The offices at 2 Fitzroy Place are let to multiple tenants, with 12866 sqft available on the fourth floor, while 1 Fitzroy Place is fully let to cosmetics firm Estée Lauder. Retail and restaurant tenants include Percy & Founders and Detox Kitchen.

==History==
A Guernsey-based consortium of the Icelandic Kaupthing Bank, the Candy brothers' CPC Group (33%) and Richard Caring (10%) bought the 3 acre Middlesex site from University College London Hospitals NHS Foundation Trust for £175m in June 2006. The demolition was completed in late 2008. When Kaupthing went into administration, the Candys swapped their stake in NoHo Square for Kaupthing's share of another joint development in Beverley Hills.

The project was being carried out by Ken Shuttleworth's agency 'Make' alongside developers 'Project Abbey', with developers Candy and Candy handling the fit-out.

Kaupthing rejected a bid worth £60m from Ian and Richard Livingstone’s London & Regional Properties. In March 2010 Kaupthing appointed CB Richard Ellis to sell their remaining stake.
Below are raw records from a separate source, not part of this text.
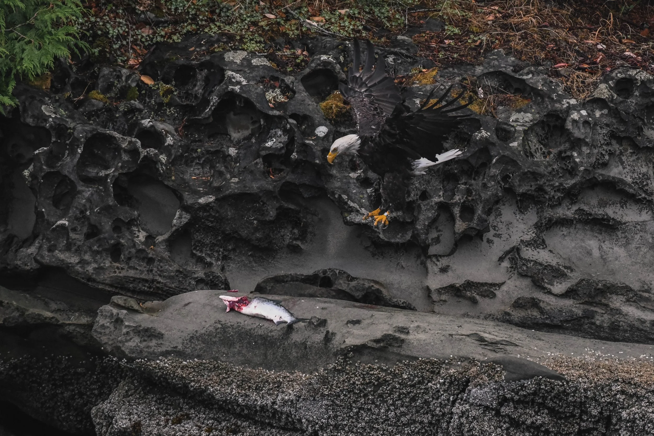 Bald Eagle with a fresh salmon. Photo by Hayleigh Hilbert.
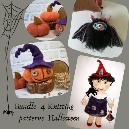 Set of 4 Halloween knitting patterns with free shipping.
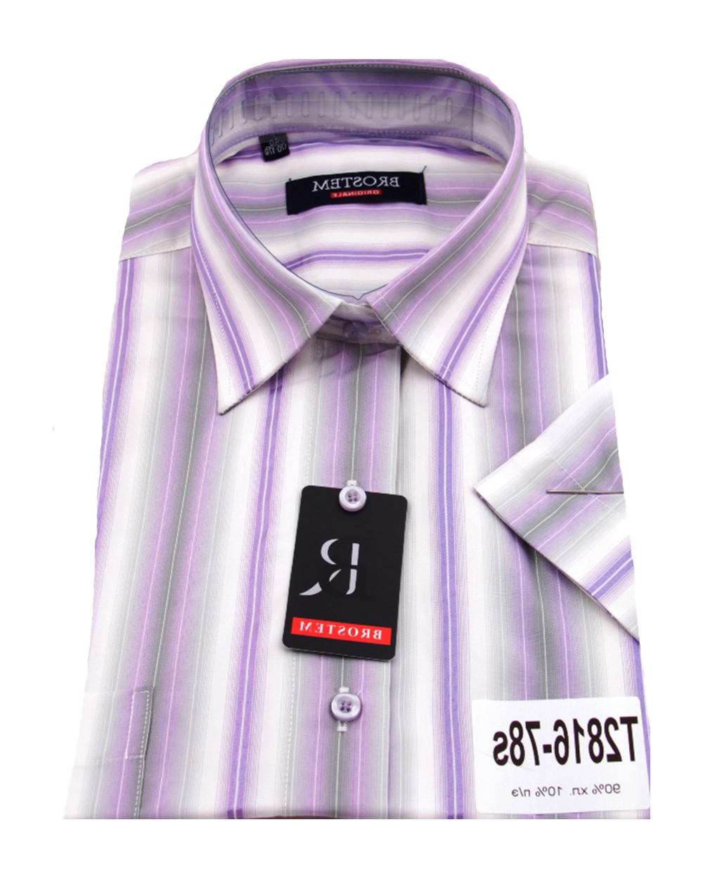 Рубашка белого цвета с фиолетовыми и серыми полосками станет отличным дополнением к гардеробу делового мужчины. Ее можно комбинировать как с джинсами, так и с брюками. Модель с короткими рукавами, оснащена удобным небольшим карманом на груди.
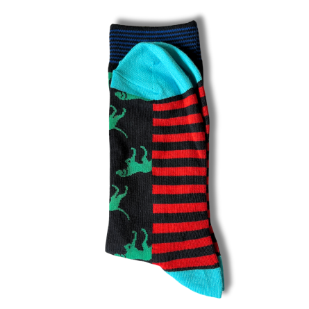 Help Save a Life: A graceful 10% from this pair is donated to Tails of Freedom.Black and green socks with playful dog patterns, crafted with 200-knit jacquard stitching for a smooth, durable finish. Cotton-blend, odourless, unisex, and perfect for everyday comfort in Sri Lanka’s warm climate.
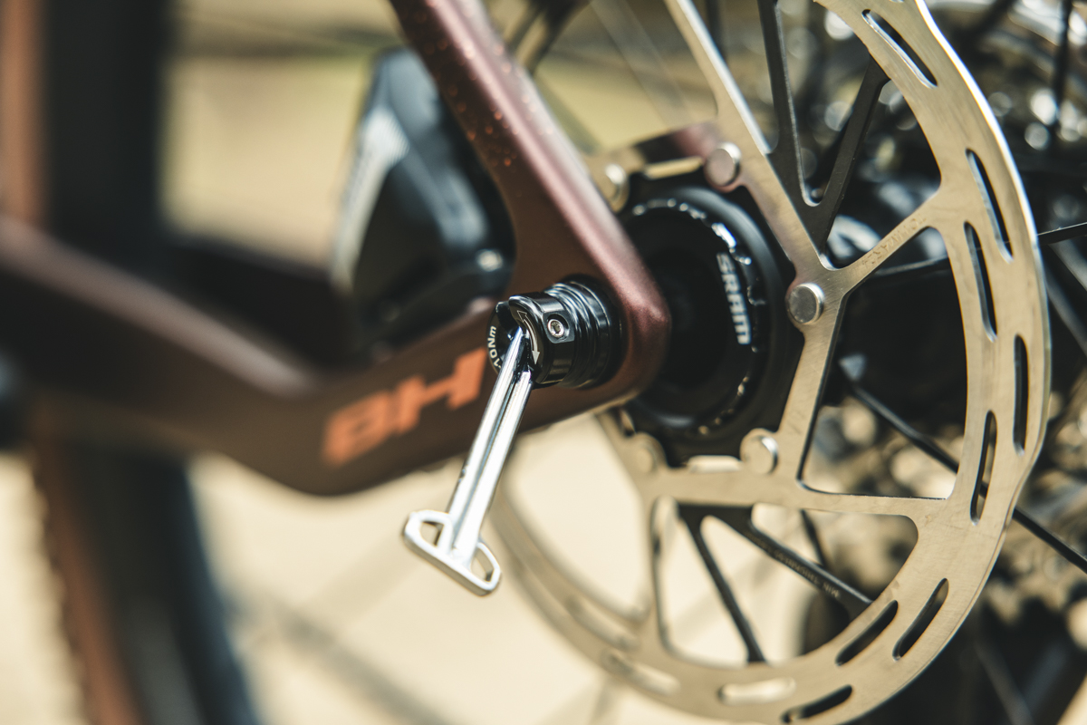 Sia il telaio che la forcella, come da consuetudine BH, dispongono delle hidden quick levers, che integrano le leve di apertura nel corpo del perno e permettono di svitare i perni stessi senza l’ausilio di chiavi. Sul lato destro, invece, telaio e forcella sono completamente chiusi, nascondendo i perni per motivazioni estetiche e aerodinamiche.
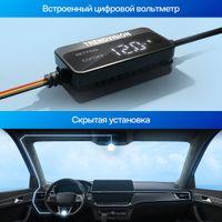 Встроенный цифровой вольтметр в режиме реального времени отображает напряжение бортовой сети автомобиля. Это позволяет наглядно контролировать состояние аккумулятора, корректно настраивать пороги отключения питания и быть уверенным, что видеорегистратор работает безопасно, не создавая риска разряда АКБ.
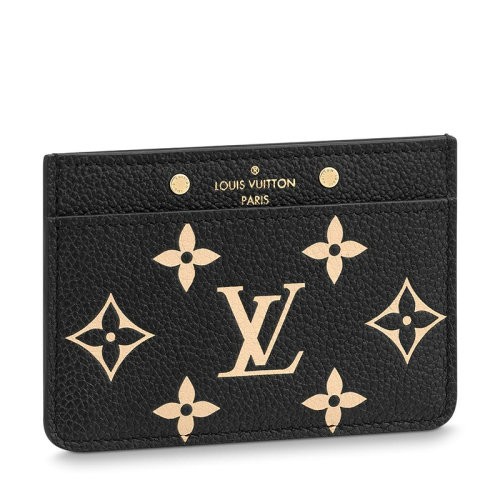 【包税】Louis Vuitton/路易威登 22春夏新款女士黑色/米色压纹软粒面牛皮革老花印花卡夹M81022
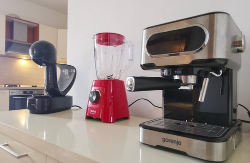 Apartment features WiFi, two air conditioning devices, one in living room and the second one in bedroom, so as flat screen TV and cable TV. It consists of kitchen equipped with refrigerator, oven, microwave, water kettle and toaster, as well as dining area, sofa and sitting area and two private bathrooms, both containing shower and hairdryer.
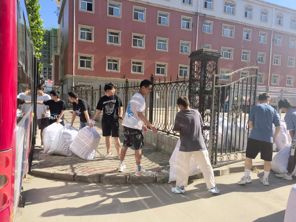 于淑会老师跟随搬迁学生一起前往校本部,学院党委书记白翠玲、党委副书记李光、2019级辅导员李明云指挥并亲自参与卸载行李,采用“接龙传递”的方式,使卸载搬运工作高效、省力、有序进行。

Aviva Investors and Exemplar Properties acquired the site in July 2010.

The consortium appointed architects Lifschutz Davidson Sandilands and Sheppard Robson to design a new masterplan with luxury residential and office buildings. The scheme gained planning consent in March 2012, with Fitzroy Place completed in 2015. In 2016, AshbyCapital purchased a 50% stake in the development from Kaupthing.

The residential part is managed by Rendall & Rittner. It consists of three buildings with 289 multi-million pound apartments.